# when is the best time to start packing your hospital bag?



## amy123xx

i know this sounds like a bit of a silly question, but when would people reccomend i start to pack my hospital bag.. and what to put in it? :shrug:
i havnt a clue, this is my first time baby and im worrying over everything! :dohh: im 28 + 4 weeks pregnant so hoping you can give me some answers :) thankyouuu :flower: xxxx


----------



## kittycat18

I started to pack mine around 31 weeks and have been adding to it when I get new things. My local Hospital doesn't supply anything for me or the baby so you should check with yours if they supply anything before you pack your bag :thumbup: I packed;

*For me:
*-2x Cotton nightdresses with button up features at the front (for breastfeeding)
-1x Pair of light, cotton pajama bottoms
-1x Pair of light slipper socks
-1x Pair of jogging bottoms
-1x Pair of slip on shoes
-Toiletries (miniature shampoo, conditioner, dry shampoo, toothbrush, toothpaste, hand soap, box of tissues)
-Some Cosmetics (concealer, lip balm, hairbrush, hair band)
-Light top for coming home
-Nursing Bra
-Breast pads
-Maternity towels
-Nipple Cream (lansinoh)
-Bikini top (having a water birth- labour and delivery :blush)
-2x Towels
-Pack of disposable underwear
-Set of nipple shields
*For baby:
*-Pack of 5 babygros
-Scratch Mitts
-Blanket
-Pack of size 1 nappies
-Pack of baby wipes
-Set of sleepsuits
*Then, Conor is taking a bag and it will have:
*-Camera
-Money
-Phone chargers
-Snacks (cereal bars, sandwiches etc)
-Litre bottle of water
-Towel and swim-shorts for him (he is coming into the birthing pool with me :blush:)


----------



## Chrissy7411

I'm going to start packing mine this week! Once I start getting things ready I'll add a list :flow:

As for when, I think whenever you want. For me, I didn't want to pack too early because I feel like it would make time drag on, but not too late either because I still want to be prepared!
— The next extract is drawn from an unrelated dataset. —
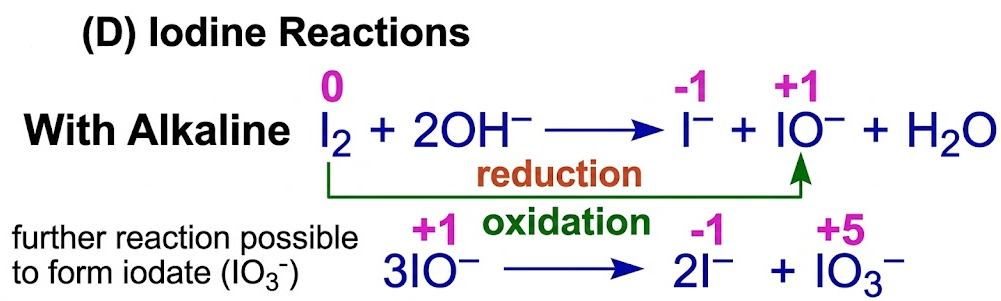 | \( \mathrm{I_2} \) | \( \mathrm{I^- + IO^-} \) | \( \mathrm{I^- + IO_3^-} \) (limited) |

I'd say around 34-37 weeks, incase LO comes early :flower: but pack whenever you want girly, just don't wait too late... Don't wanna run around like a mad women grabbing things, in pain and then forgetting a bunch of stuff :haha:


----------



## kittycat18

Chrissy7411 said:


> I'd say around 34-37 weeks, incase LO comes early :flower: but pack whenever you want girly, just don't wait too late... *Don't wanna run around like a mad women grabbing things, in pain and then forgetting a bunch of stuff* :haha:

Completely agree with Chrissy! Don't leave it too late to pack because you honestly don't know when your baby could get here because between 35 and 36 weeks, they drop down into the birth canal in position for birth. You don't want to be leaving it too late, your water break before you even get a chance to start packing and then you are in a mad dash to get to the Hospital :haha: If you do that, you will forget even the most obvious of things!
And don't do it too early! I always said I was going to do it at 30 weeks but then didn't really start until after that. My 3rd Trimester has been really dragging anyway and I have been getting very big and painful so I decided packing my bag would be a wise choice :haha: xx


----------



## SmartieMeUp

Don't forget about a hat, Kitty. Also a muslin blanket/bib :)


----------



## kittycat18

SmartieMeUp said:


> Don't forget about a hat, Kitty. Also a muslin blanket/bib :)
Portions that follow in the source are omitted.